Problem statement: Begin at the top of the entries below and write out every line through the one containing "Swim Caps Cartoon", excluding pictures.

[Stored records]
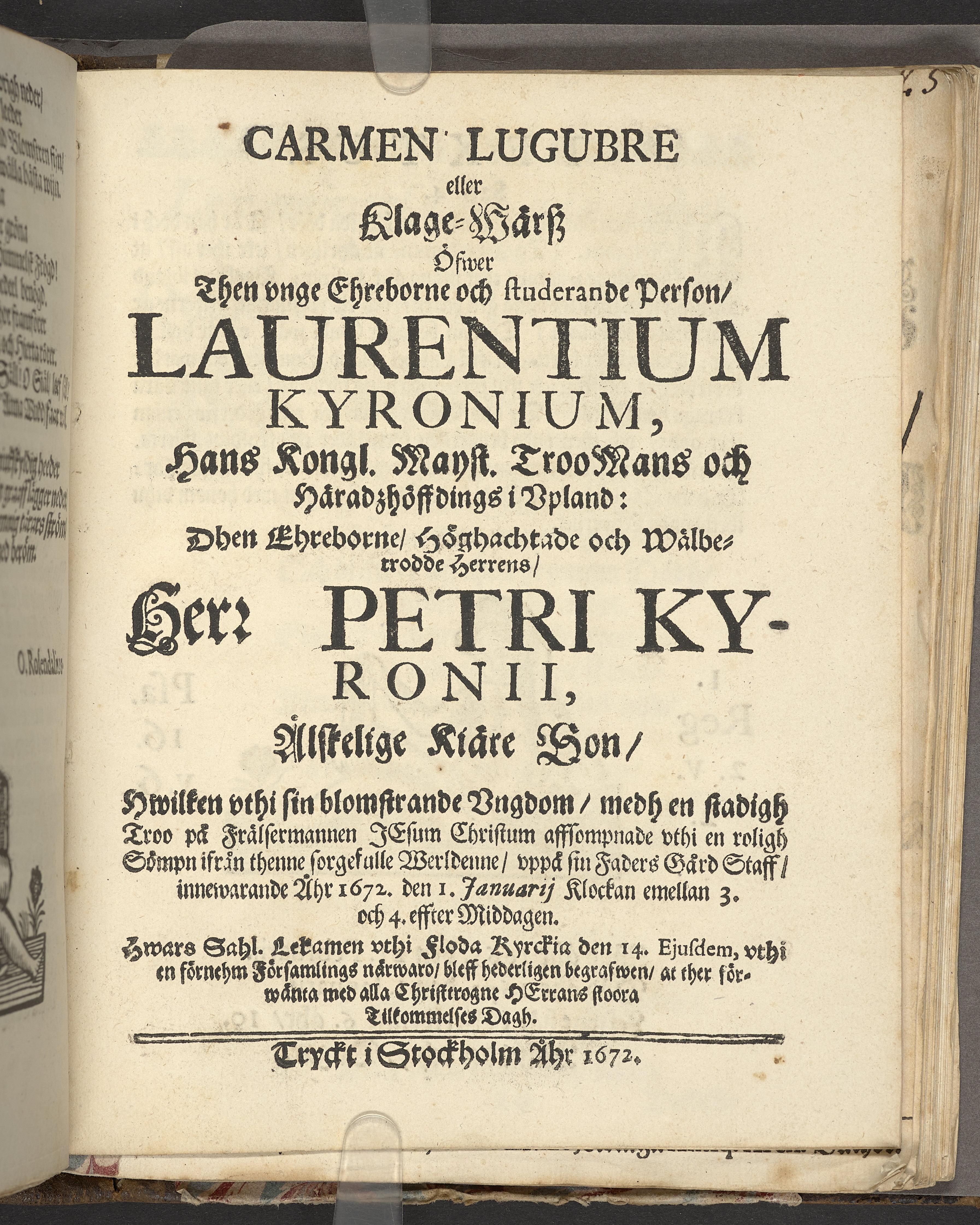 Carmen lugubre eller klage-wärsz öfwer ... Laurentium Kyronium ... häradzhöffdings i Upland ... Herr Petri Kyronii ... son ... hwars sahl. lekamen vthi Floda kyrckia den 14 ejusdem ... bleff ... begrafwen ... Tryckt i Stockholm åhr 1672.
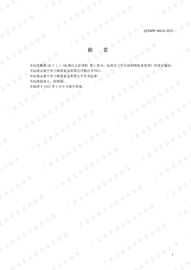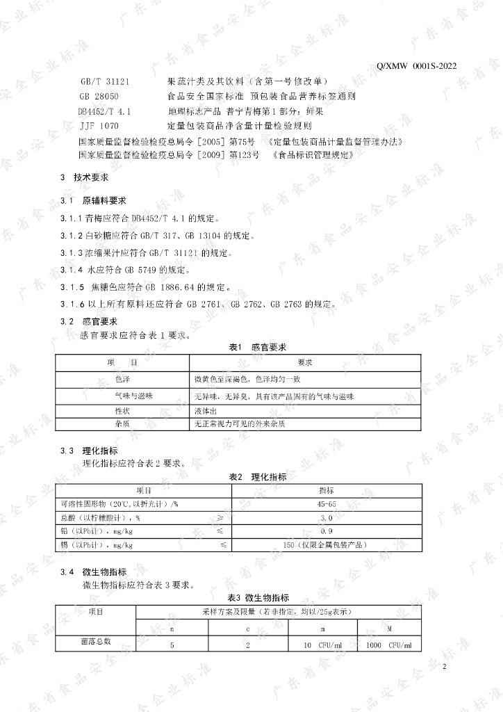 Q/XMW 0001S-2022 发酵青梅汁
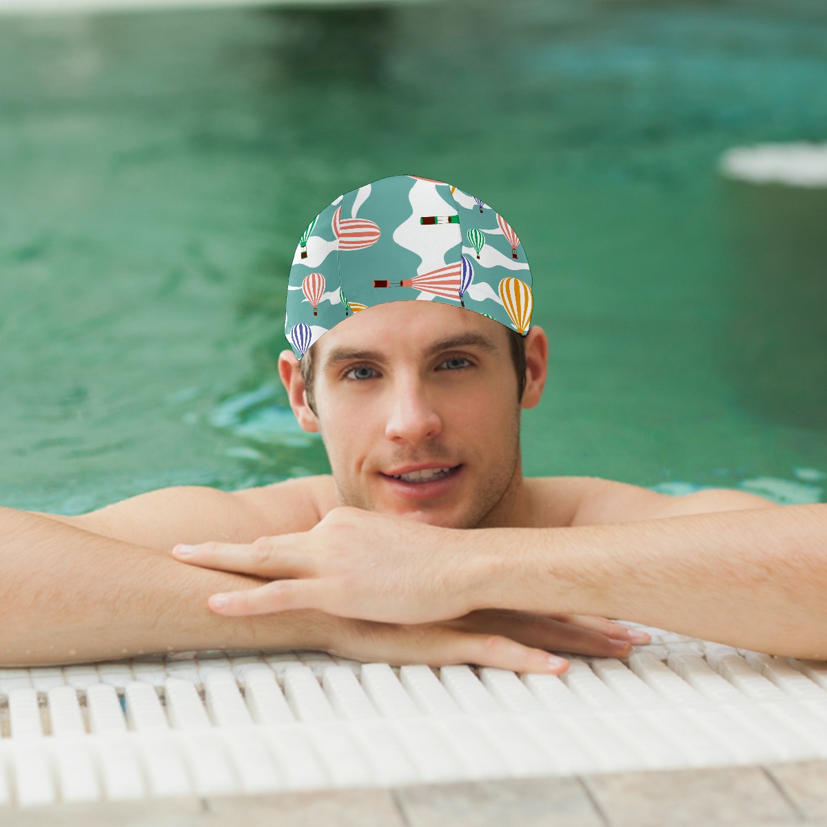 Swim Caps Cartoon Colorful Hot Air Balloon Pattern Swimming Cap Hat Bathing Shower Hair Cover for Adult Men Women Girls Boys
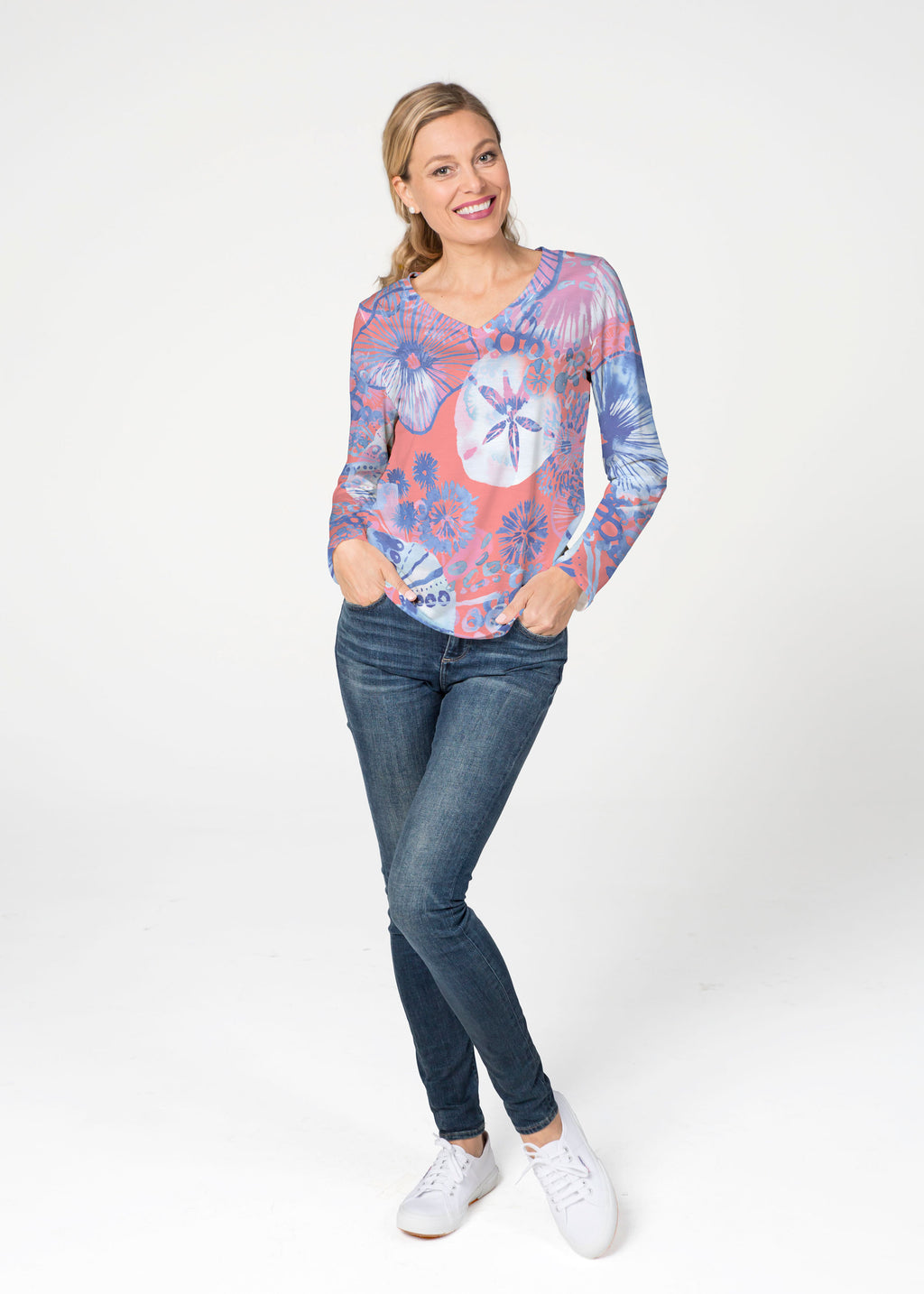 Our French Terry top is comfort and style all in one! Our French Terry top that features long sleeves, a V-neck and a more fitted silhouette that looks stylish in any print.
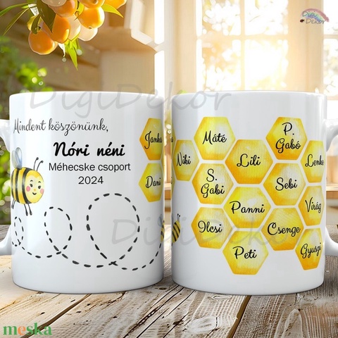 Névre szóló, méhecskés-méhsejtes bögre ovis ballagásra. Egyedi búcsúajándék.
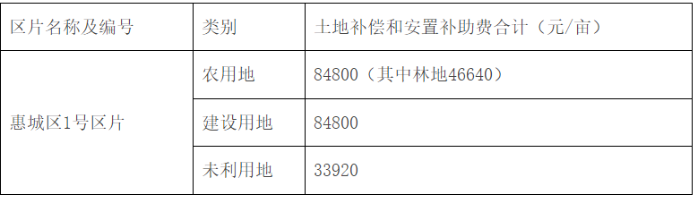 土地補償費和安置補助費按《惠州市人民政府關(guān)于公布實施征收農(nóng)用地區(qū)片綜合地價的公告》(惠府公〔2021〕4號)規(guī)定的惠城區(qū)1號區(qū)片綜合地價標(biāo)準(zhǔn)執(zhí)行,其中全市統(tǒng)一設(shè)定林地調(diào)節(jié)系數(shù)0.55,征收建設(shè)用地參照征收農(nóng)用地區(qū)片綜合地價執(zhí)行,征收未利用地參照征收農(nóng)用地區(qū)片綜合地價設(shè)定調(diào)節(jié)系數(shù)0.4執(zhí)行。
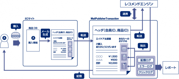 MailPublisher Transactionは、レシートメールなどのトランザクショナルメールに、ユーザーの購買履歴、行動履歴などを解析し生成されたレコメンド情報を自動で差し込むことで、クロスセルを促す、国内初のマーケティングソリューションです。今回、同システムにコンバージョン測定機能が新たに追加されたことで、トランザクショナルメールからの最終的な成果をレポートすることが可能になり、効果検証の精度が高まります。
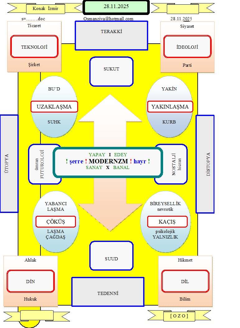[21:47, 28.11.2025] Mustafa Buğucam: sonra modernizme ilişkin her birimiz bazı kelimeler söyledik çağrışımla. [21:48, 28.11.2025] Mustafa Buğucam: 20 tane kavram/kelime tespit ettik ve bunu gördüğünüz gibi ANALİTİK DÜZLEME yerleştirerek [21:48, 28.11.2025] Mustafa Buğucam: Çağdaşlık.. yani modernite.. yani asrîlik.. konusunda ortak zihin haritası yaptık [21:50, 28.11.2025] Mustafa Buğucam: Sonuçta moderninin lehinde ve aleyhinde.. kendimi bilgimiz.. toplantıya katılanların bilgisi.. çerçevesinde söylenecek düşünceleri TOPLU halde bir gösterge yaptık [21:51, 28.11.2025] Mustafa Buğucam: Bunlar bir deneme ve yanılma girişimleri.. [21:55, 28.11.2025] Mustafa Buğucam: İnşaallah ileri de her çarşamba saat 09:00 dan sonra yapacağımız çalışmaları sizi de çağırırım.. [22:01, 28.11.2025] Mustafa Buğucam: Değerli Hocam Vahyin Akedemisi gurubunda yazıma BEĞEN işareti koymuşsunuz.. beğen işaretini onu okuduğunuz anlamında anlıyor. Ancak anladıklarınızdan eleştiri ve değerlendirme görüşlerinizi beklerim.
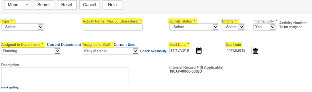Activities are used to document for the permanent record, all the administrative tasks and work that was done on the record/project - in cooperation with the Workflow tasks. The Activities tab shows in all record types across Modules – Building, Planning, Public Works, and Onsite – this is where Activities can be added to a specific record. Activities can be used to document things you’ve already done for the record, to set ‘tickler’ reminders to yourself or other staff, and to assign administrative work to other staff on a given record or project, ie. while you might be the Planner of record on a given Planning Application, perhaps there is a Planning Tech on your team that is responsible for sending out all the Planning Action notifications to property owners – you can use an activity to document, remind, and assign this administrative task to the Planning Tech.
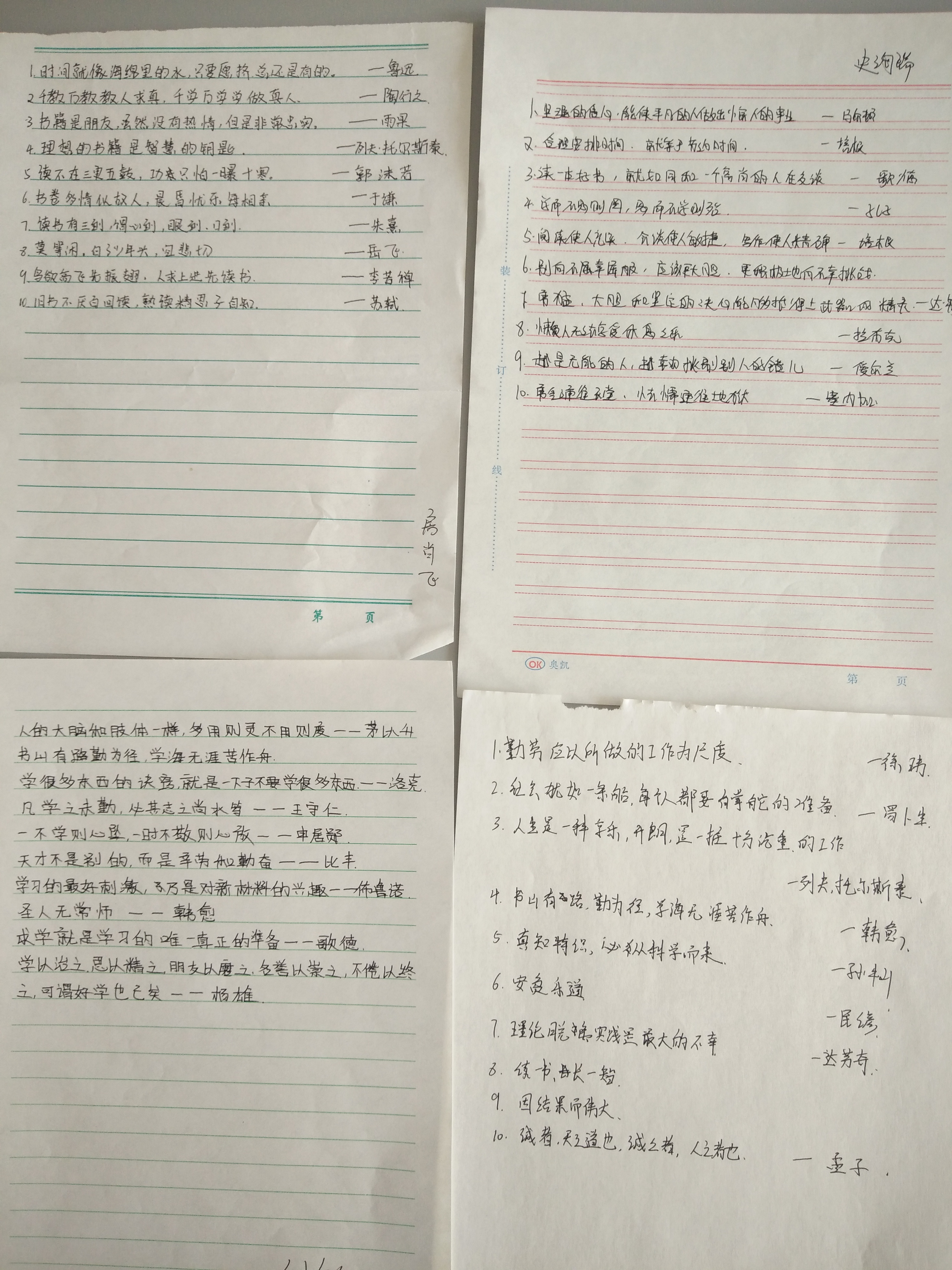 为认真贯彻落实《山东华宇工学院关于加强教风学风建设工作的意见》和《山东华宇工学院2016年教风学风建设月实施方案》的要求,全面推进学风建设工作,不断深化学院“勤奋 扎实 刻苦 坚毅”的良好学风,经管学院开展摘抄名言警句、活动并将个人信奉的一句名言警句以座右铭的形式张贴在课桌上,时刻督促自己,提醒自己。
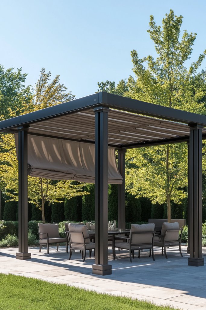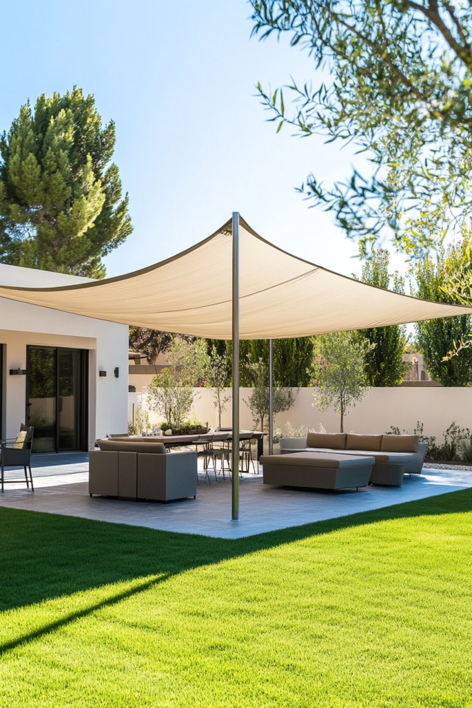 Add a pergola or shade sail for sun protection, or leave it open for full sunlight. Seasonal touches like lanterns or wind chimes can enhance the experience.
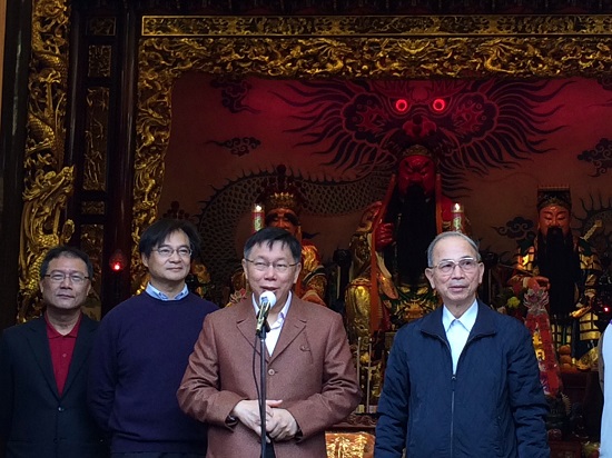當(dāng)紅的臺(tái)北市長(zhǎng)柯文哲最多一天曾連跑9座廟。(圖片來(lái)源:臺(tái)灣“中央社”)
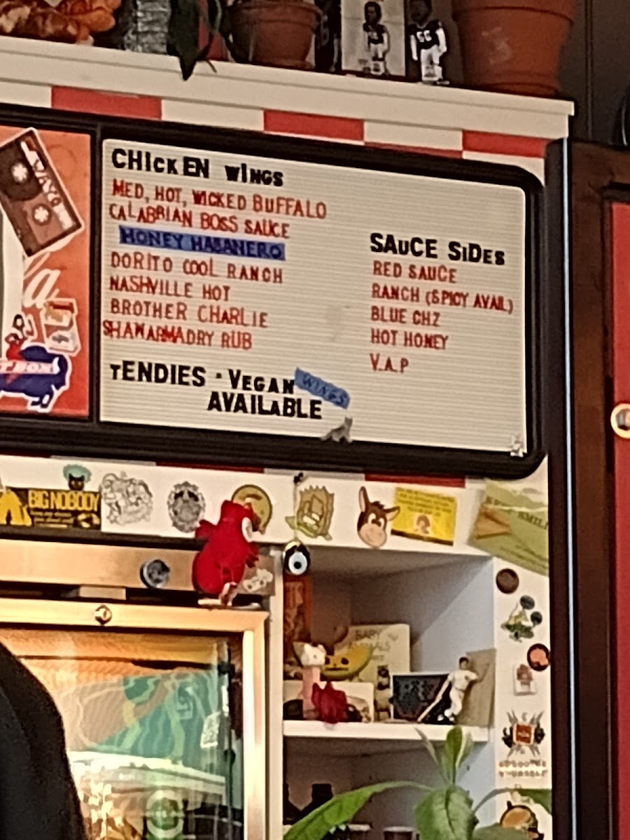 BACK BY POPULAR DEMAND. 10 piece vegan seitan wings. NOT gluten free. Even though slaw is in the picture it does NOT come with it, that's just to make it look nice for the photo.
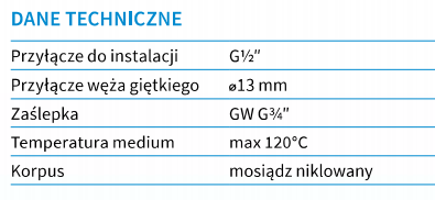 | Rozmiar przyłącza od strony instalacji (cal) | ½" GZ |
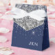 Cajas de regalo de papel con monograma y nombre inicial plateado y azul marino con brillo y purpurina. Esto hace que el regalo perfecto para cumpleaños de 16, boda, despedida de soltera, aniversario, baby shower o fiesta de soltera para alguien que ama el glamour de lujo y los estilos elegantes.
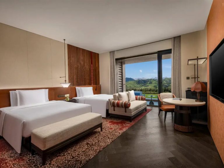 雄踞於烏魯木齊城市天際線的至高點,康萊德酒店以當代設計美學重新詮釋絲綢之路的輝煌傳奇。作為新疆首家超五星級國際奢華酒店,228間客房均以「天山雪線」為設計靈感,全景落地窗將博格達峰與城市燈火盡收眼底。
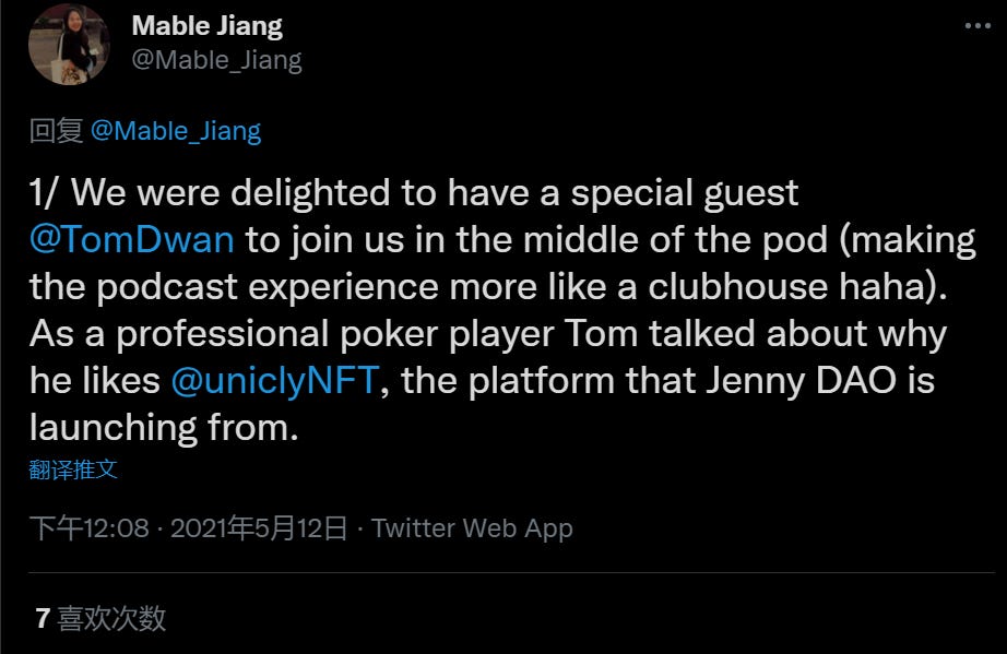 Mable与TomDwan互动 原文链接

Expected answer:
 Carmen lugubre eller klage-wärsz öfwer ... Laurentium Kyronium ... häradzhöffdings i Upland ... Herr Petri Kyronii ... son ... hwars sahl. lekamen vthi Floda kyrckia den 14 ejusdem ... bleff ... begrafwen ... Tryckt i Stockholm åhr 1672.
 Q/XMW 0001S-2022 发酵青梅汁
 Swim Caps Cartoon Colorful Hot Air Balloon Pattern Swimming Cap Hat Bathing Shower Hair Cover for Adult Men Women Girls Boys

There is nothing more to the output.